Films like that just make you want to invade the US and save their brain washed people from that evil dictator running their country ;D ;D ;D ;D ;D


----------



## garyc (May 7, 2002)

Agree 100%. Utter shite.

Problem is for PC hollywood is that they can't villify anyone else these days - jews, blacks, arab, asians, gays, germans etc - since they all take umbridge.

Brits as a generic race (no, I'm not forgetting the multi-cultural nature of our country), on the other hand don't seem to give a shit that we are always the baddies. 8) 8) 8) 8) 8)


----------



## Guest (Apr 11, 2003)

> Brits as a generic race (no, I'm not forgetting the multi-cultural nature of our country), on the other hand don't seem to give a shit that we are always the baddies. 8) 8) 8) 8) 8)


too right.... although I'm sure in Terminator 3 this summer the evil terminator has prob' got a british accent ;D

but what I don't get is... most yanks make out to be decendant from Ireland or Scotland, although most prob' are actually British decendant .... :-/ :-/


----------



## Dubcat (Jun 10, 2002)

I lived in Boston, MA for 3 years and had to listen to anti British nationalistic CRAP from yanks who had seen this film and others like it ALL OF THE TIME!!! GGGRRRRRRR  blah blah blah - you'd all be speaking german if it wasnt for us - blah blah blah - usually followed by a terribly attempt at a cockney accent.

Reality is that if the British had stayed in charge of the US, native americans and black people would not have had NEARLY as bad a time as they DID! We abolished slavery etc A LONG time before the yanks... and the Brits have a history of mixing with the locals MUCH more than the yanks..

phoTToniq


----------



## vernan (May 27, 2002)

It's a good thing. The septics are a ridiculous nation, and it's good that they see us as the villains. Why? Because we're confident and mature enough to not give a damn.

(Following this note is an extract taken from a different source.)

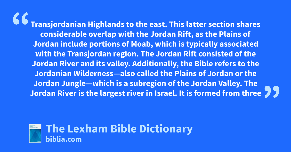 The Jordan Rift was one of the four major vertical divisions of Israel, with the Coastal Plains and the Central Mountain Range to the west and the Transjordanian Highlands to the east. This latter section shares considerable overlap with the Jordan Rift, as the Plains of Jordan include portions of Moab, which is typically associated with the Transjordan region. The Jordan Rift consisted of the Jordan River and its valley. Additionally, the Bible refers to the Jordanian Wilderness—also called the Plains of Jordan or the Jordan Jungle—which is a subregion of the Jordan Valley.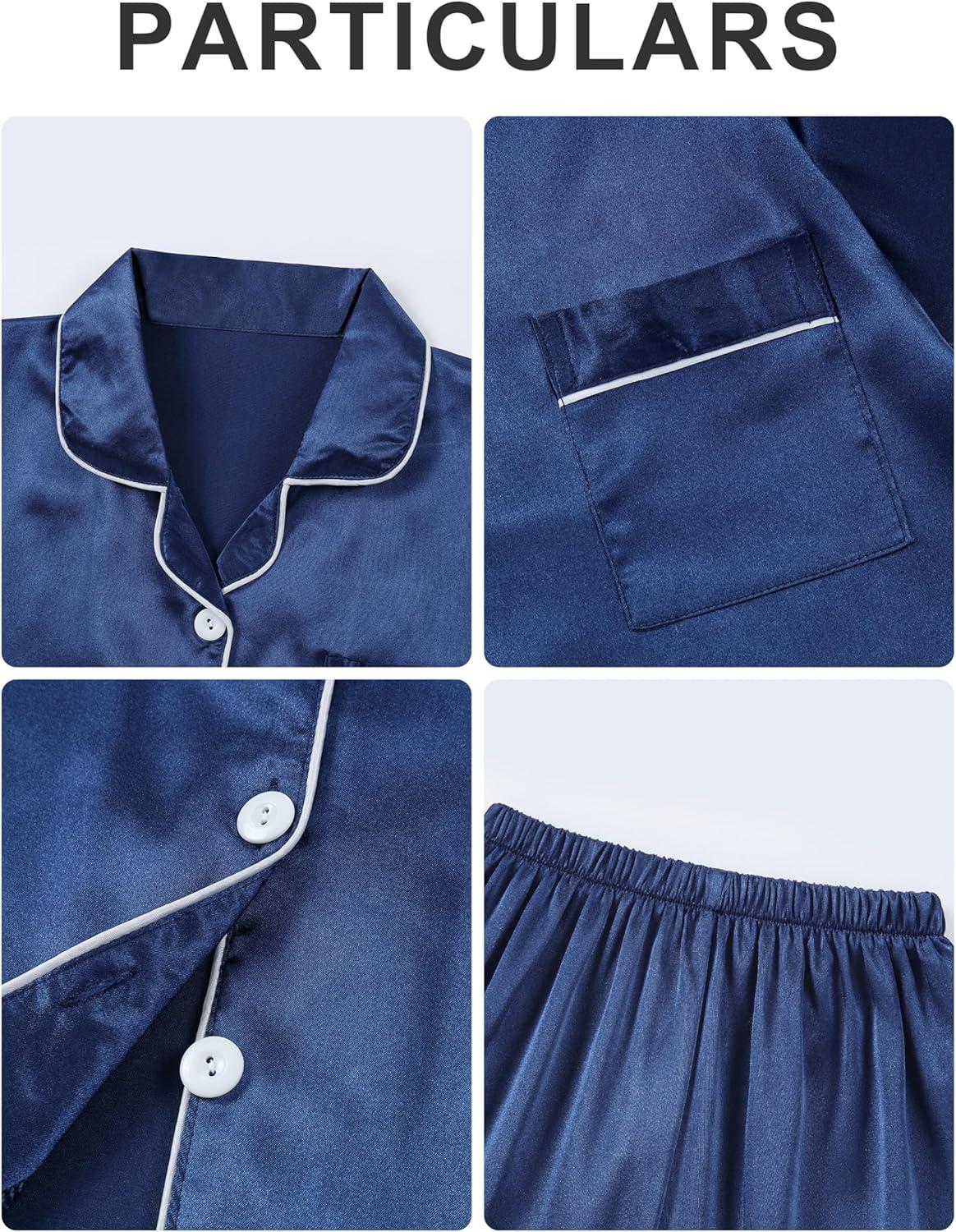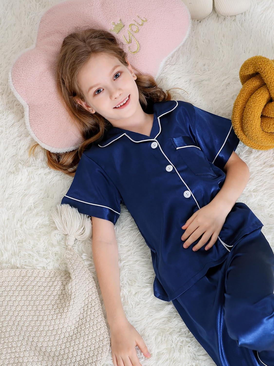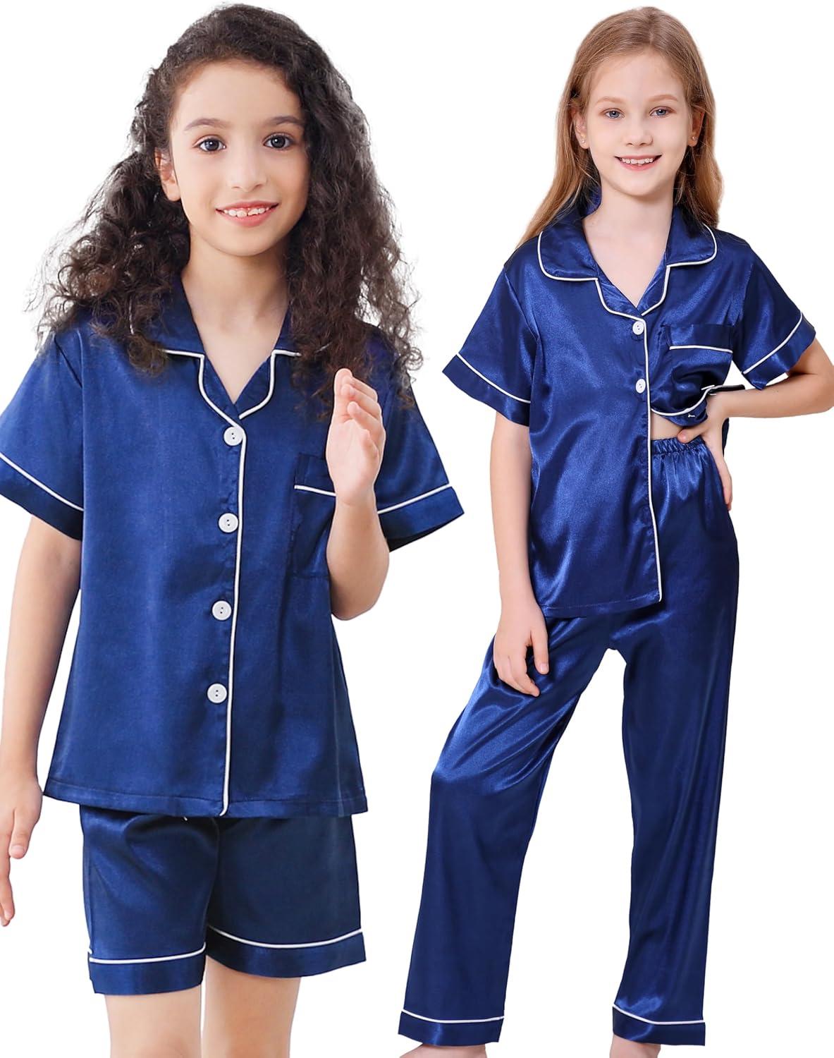 DIPUG 3 Piece Girls Silk Pajamas Set Soft Satin PJs Sleepwear for Comfortable Nights(Navy)

Confident in their nationhood? "Gee, I'm Irish". No you're not. Sod off.

"You British, you're so uptight". No we're not - you just don't understand us, or anything European. It's too clever for you.

Their cars are, also, without exception, ugly, slow, inefficient and badly made.


----------



## Dubcat (Jun 10, 2002)

I met a septic who thougth ireland was where whales is, and yes you guessed it, thought whales is where ireland actually is *sigh*.

BTW - she said she was Irish American and her house was covered in four leaf clovers...


----------



## phil (May 7, 2002)

> BTW - she said she was Irish American and her house was covered in four leaf clovers...


Wow. She must have loads of good luck.

btw. I take it you mean Wales, your grammar is sound, and you weren't talking about Ireland being covered with large mammals.


----------



## Dubcat (Jun 10, 2002)

*blush* - I meant wales.

I swear this is the truth - my manager is currently in Iceland and I was telling him about how iceland is applying to start hunting whales again at the same time as typing the post  *blush*


----------